(Reuters) - Norton antivirus software maker Symantec Corp (SYMC.O) has agreed to sell its data storage unit, Veritas, for $8 billion to a group led by Carlyle Group LP (CG.O) as it seeks cash to turn around its core security software business.
The deal, the biggest U.S. leveraged buyout this year, will give Symantec much-needed funds to compete in the cyber security market with companies such as Microsoft Corp (MSFT.O), Intel Corp (INTC.O) and Kaspersky Labs.
Shares of Symantec, which also reported weak quarterly results on Tuesday, fell as much as 6 percent.
Symantec has been facing headwinds as weak PC sales hurt demand for its security software, which comes bundled with computers. Demand for antivirus software has also fallen as users turn to advanced products for protection against sophisticated cyber attacks.
“Now they really get a new lease on life in terms of focusing on their core security DNA as the Veritas storage piece has been a massive black cloud on the Symantec story for a decade,” FBR Capital Markets analyst Daniel Ives said.
Symantec is expected to use the proceeds to make inexpensive acquisitions as lofty valuations leave few security companies within its reach.
“If you think about potential acquisition candidates, those will be names like Proofpoint, Qualis, FortiNet Inc (FTNT.O) as well as a host of private companies,” Ives said.

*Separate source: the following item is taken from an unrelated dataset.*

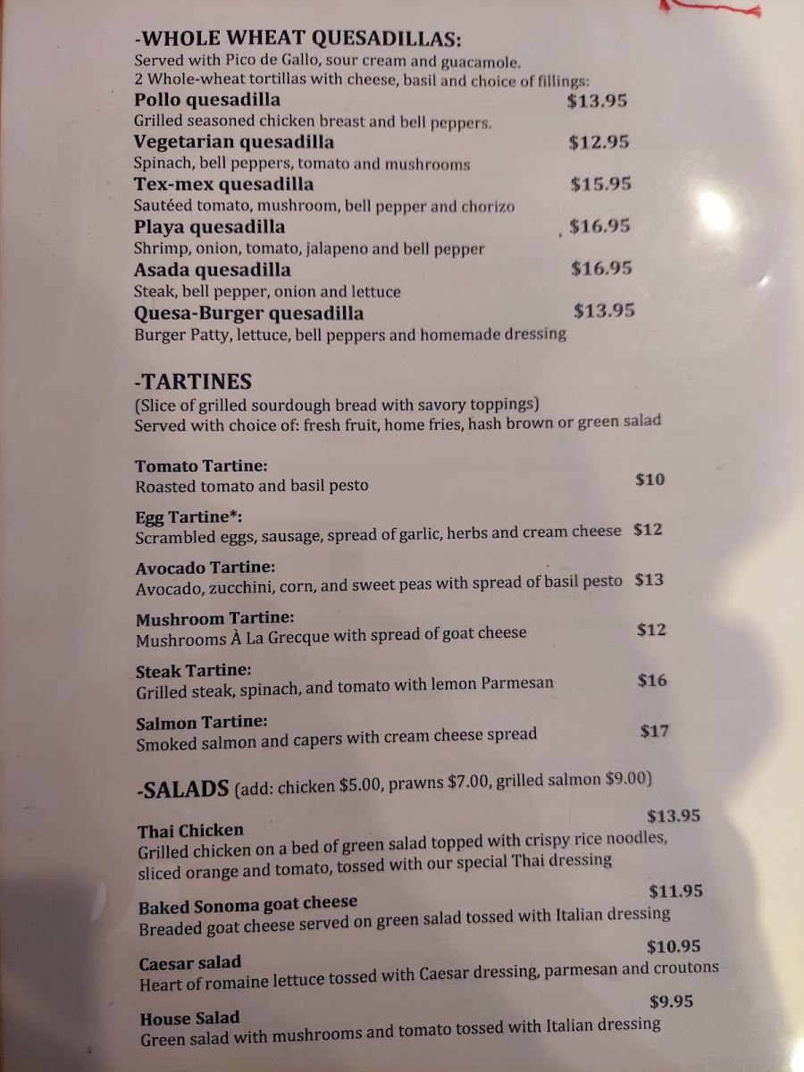 The menu is a culinary journey, featuring a variety of options for breakfast, lunch, and dinner. Start your day with their delightful California frittata, brimming with fresh veggies. For lunch, don't miss the turkey and avocado sandwich or the renowned quesadillas filled with flavors from TexMex to Pollo.

Symantec has long stayed away from network security products, which protect large amounts of data from online threats.
“We don’t expect them to shift to network security. It seems like they are not well positioned for that,” William Blair & Co analyst Jonathan Ho said, adding that one area of growth could be security analytics.
Symantec could leverage its large customer base to collect data and use analytics to determine if there are indications of security breaches to provide better protection, Ho said.
Symantec, which bought Veritas for $13.5 billion in 2005, said it expected about $6.3 billion in net proceeds. The sale is expected to close by Jan. 1. The buyer group includes Singapore’s sovereign wealth fund GIC.
Symantec also raised its stock buyback program by $1.5 billion.
Reuters reported earlier on Tuesday that Symantec would sell Veritas to Carlyle.
Revenue from Veritas, which accounts for nearly 40 percent of Symantec’s revenue, fell 10 percent in the first quarter.
The company also reported lower-than-expected revenue and profit for the quarter and forecast second-quarter earnings and revenue below analysts’ expectations.
Symantec shares were down 5.8 percent at $21.59 in afternoon trading.